Black and blue

Falava-se à boca cheia que a S. levava do namorado. Tinha mais dez anos que ela, divorciara-se da mulher e estava constantemente a pedir-lhe o dinheiro que ela ganhava a trabalhar enquanto estudava. Certo dia, ela apareceu na faculdade com os dois olhos enfeitados por manchas negras, a cara inchada. Perguntei-lhe o que lhe tinha acontecido. «Bati contra uma porta», respondeu-me. «E magoaste os dois olhos?», insisti, olhando-a bem no fundo dos olhos, através das manchas que os cercavam e que nem a maquilhagem tinham conseguido disfarçar.
Ela encolheu os ombros, esboçou uma tímida tentativa de sorriso e baixou os olhos. «E como raio fizeste uma coisa dessas», insisti, «para teres feito esse serviço à cara? Bateste de frente, foi?»
Ela sorriu mas não respondeu. Depois, absorta com os meus próprios botões, acabei por esquecer o assunto e nunca mais lhe fiz perguntas.
Estava um calor de rachar.
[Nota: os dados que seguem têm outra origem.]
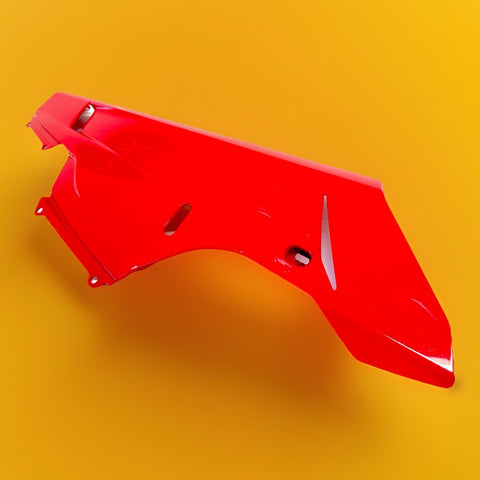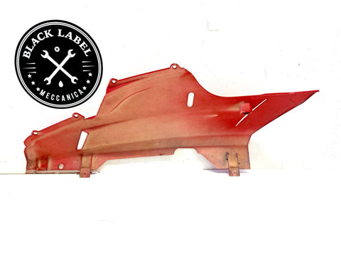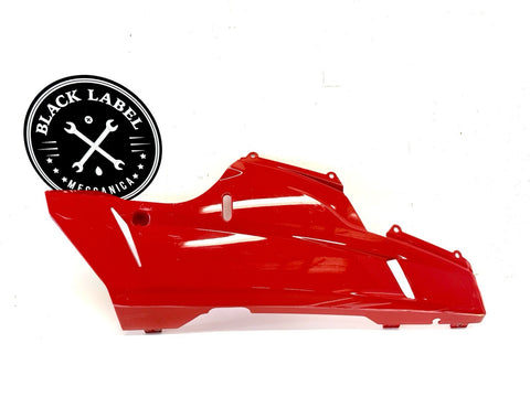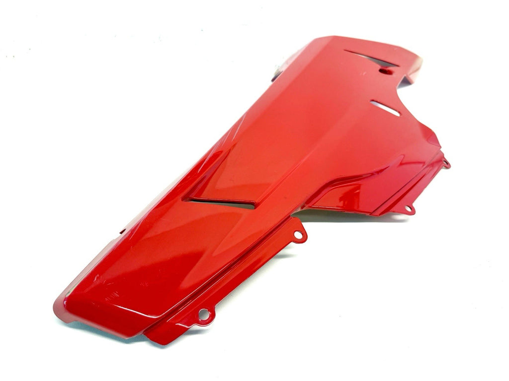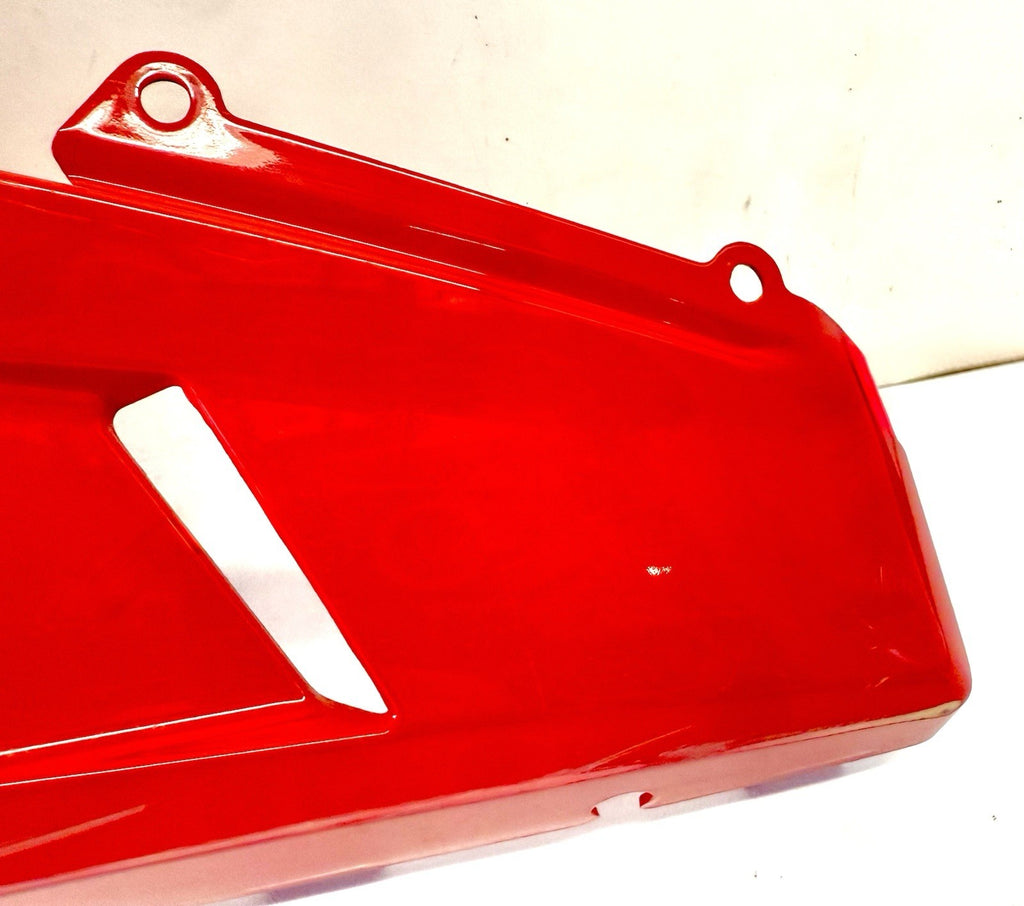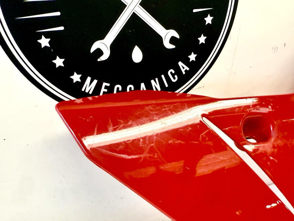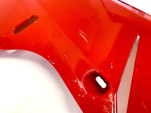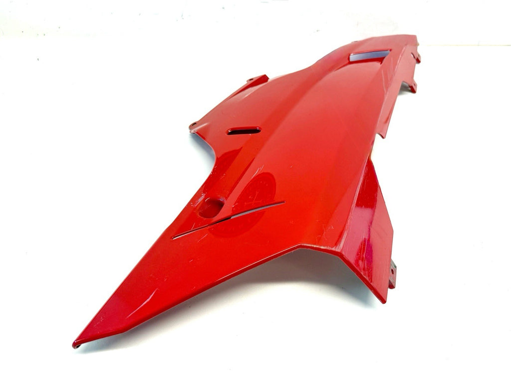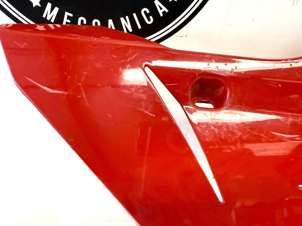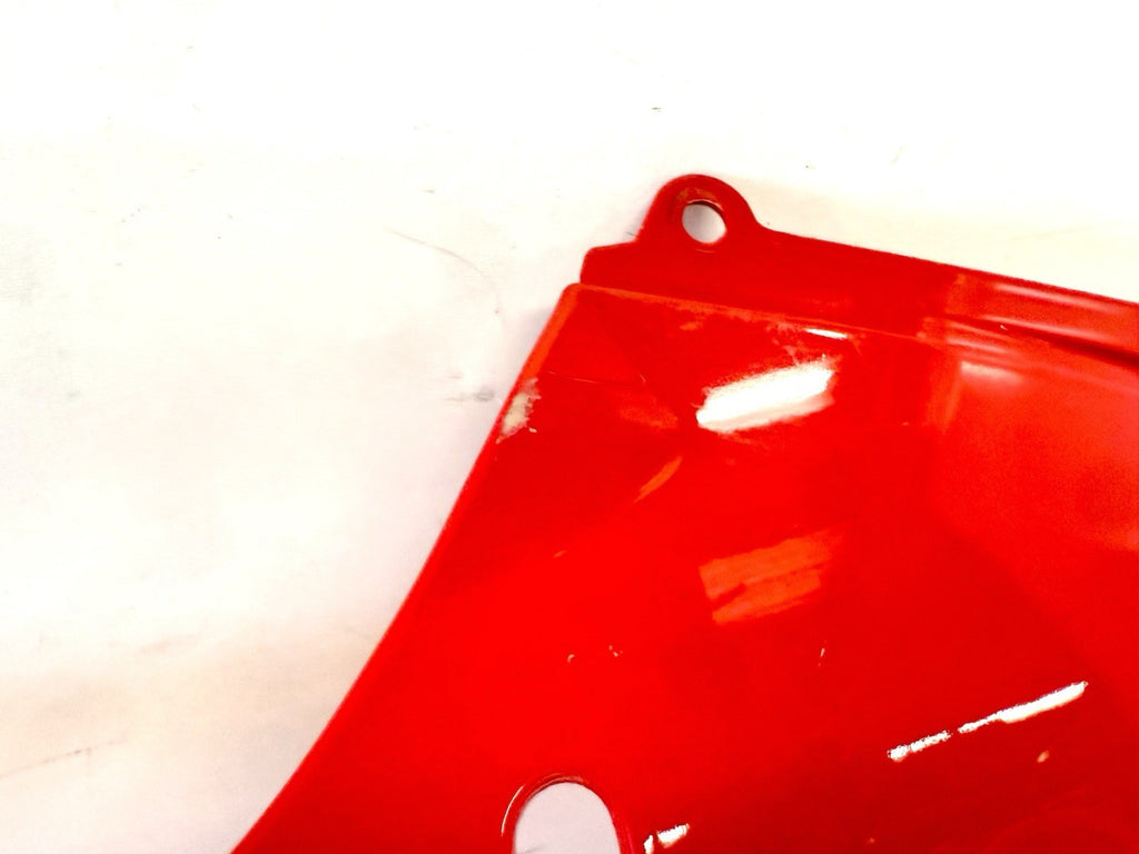 This product is a genuine OEM Ducati 848 1098 1198 right side lower fairing cowl in red color. Made of ABS material in Italy, this painted fairing is designed to fit the lower right side of the vehicle. It has minor paint chips and scratches, which may need to be addressed for a perfect finish. The part number 48032302A confirms its authenticity as a Ducati OEM part.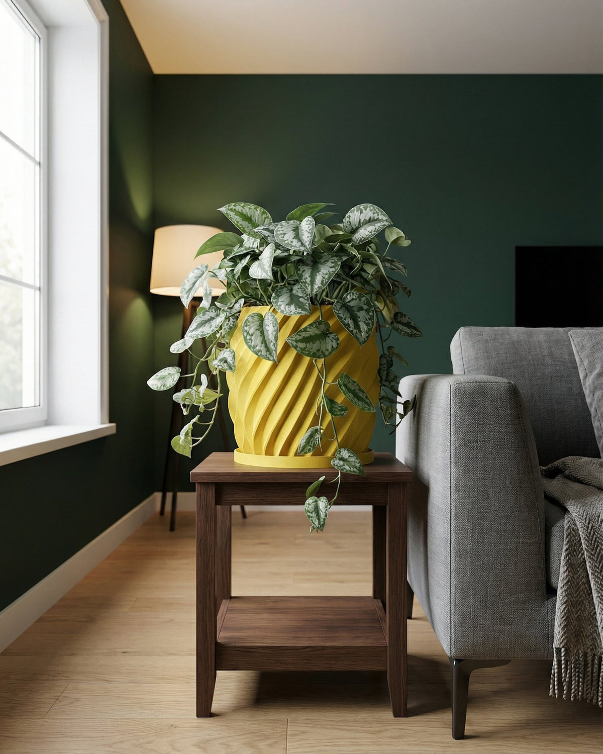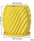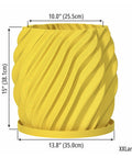 Bathed in golden light, this sunshine-yellow pot brings a burst of joy to any space. Its spiraling, sculptural form adds a playful touch, like a ray of sunshine frozen in time. Made in Canada from plant-based plastic, it's a feel-good piece that radiates happiness.

Ainda assim, a C. andava de gola alta, de mangas compridas e calças. O Sol convidava ao bronze, mas a C. estava cada vez mais pálida, cadavérica e com ar doente. Os olhos cada vez mais encovados faziam-me lembrar um coelho assustado. Uma conversa de circunstância com o guarda nocturno enquanto ambos esperávamos o autocarro deixou-me esclarecida.
«Estive quase para me meter», confessou-me ele, indignado. «Vi-a a correr por ali abaixo, e depois ele apareceu a correr atrás dela e deixou um empurrão e a rapariga caiu ao chão», disse-me, e depois deu uma passa no cigarro. «Depois deu-lhe dois pontapés e quando ela se levantou, ele deu-lhe uma bofetada e atirou-a outra vez ao chão.» Nova passa. «Filho-da-puta! Aquilo não se faz. Desgraçada da miúda!» Mais uma baforada de fumo, enquanto o ouço em silêncio, e a seguir diz, em jeito de desculpa: «Sabe, eu não me quis meter, entre marido e mulher não se deve meter a colher, mas meteu-me impressão vê-lo ali a bater na rapariga, e não poder fazer nada...»
Abanei a cabeça, sem saber o que dizer. Se tivesse presenciado a situação, talvez tivesse feito o mesmo, não sei. Mas a partir daí nunca mais consegui olhar para o P.S. sem sentir um nó de nojo misturado com raiva a apertar-me o estômago.
A R. tinha três cadeiras atrasadas. Nos primeiros dias da época de exames, o pai deu-lhe uma tareia tão grande que ela teve de ficar de cama durante duas semanas. Fugiu de casa. Anos de psiquiatras e caixas de fluoxetina depois, vi-a dias depois de uma biópsia que fez para tentar determinar um problema de saúde. Não parecia ter 25 anos, parecia ter mais 50 em cima. A certa altura vi na televisão que um homem tinha sido assassinado pela filha, em legítima defesa, no bairro onde ela morava. Só consegui voltar a respirar depois de ter falado com a R. para me certificar que não tinha sido nada com ela.

A A. estava a estudar juntamente com a P., cada uma na sua secretária. De súbito, vindo do nada, aparece o G., namorado da P., entra de rompante por ali adentro, agarra nela pelos cabelos, atira-a ao chão e desata aos pontapés a ela. Sempre na presença da A., uma miúda de 18 anos acabada de sair das saias da mãe, que ficou ali tolhida de terror, a pensar que provavelmente seria a próxima. Quando se fartou, foi-se embora. Mas a P. continuou a namorar com o G., e continuou a levar tareias.
Todas estas raparigas eram universitárias. Todas estas raparigas eram vítimas de violência extrema. Todas elas eram muito jovens.
E nunca ninguém levantou um dedo contra os seus agressores.